There is also another quite sickening dimension. It is that before Briatore decided not to challenge the accusations of Nelson Piquet and his father that the Renault team ordered a crash in a carefully choreographed and successful plan for Piquet Jnr's team-mate Fernando Alonso to win the Singapore Grand Prix last year, he made one last desperate throw.
He charged the Piquets' with blackmail. He darkened even the muddy pool which has been lapping around Formula One for some time now, and which indeed many have thought had reached a high water mark with massive industrial espionage and the admission of reigning champion Lewis Hamilton that he had lied under orders from McLaren team officials. It was, we learnt yesterday, still another brittle hope. Sport has never known, surely, such ferocious momentum in the matter of organised deception.
Where the individual sports most afflicted by the epidemic go now is no doubt surely a matter of hand-wringing and hope.
At the weekend Bernie Ecclestone, the commercial rights holder of Formula One, reacted sharply to suggestions that his sport had been somewhat passive in the face of the Piquet claims. He said that he accepted that the affair carried a huge threat to the credibility of Formula One and the matter would be pursued with great force and resolved as quickly as possible.

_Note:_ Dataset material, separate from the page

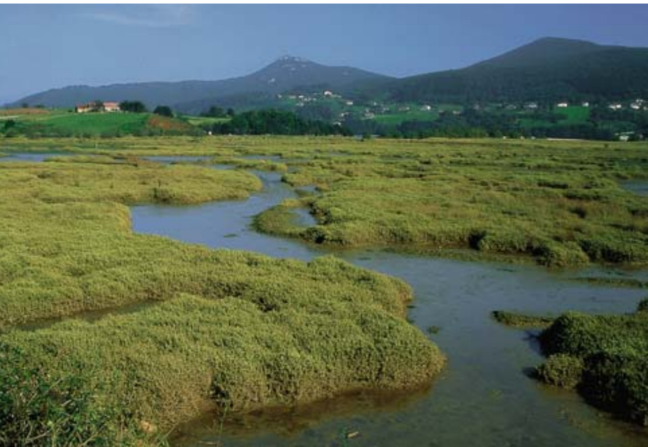
⚡ Padura Axpe/La marisma en Axpe ⇒ Txirri Arrunta bainua hartzen/Correlimos Común bañándose

Yesterday that promise appeared to have been made good at high speed indeed.
However the implications run deeply into every corner of sport, just as they did a few days earlier when Dean Richards, the great rugby player at the heart of "Bloodgate", suggested that a three-year ban was disproportionate.
What sport is obliged to do, increasingly as a matter of survival rather than merely good practice, is to say that cheating is not a problem but a degenerative disease that has to be fought to the death. Otherwise, there will be an increasing temptation to pronounce the whole idea of it if not dead, certainly in an advanced state of decay.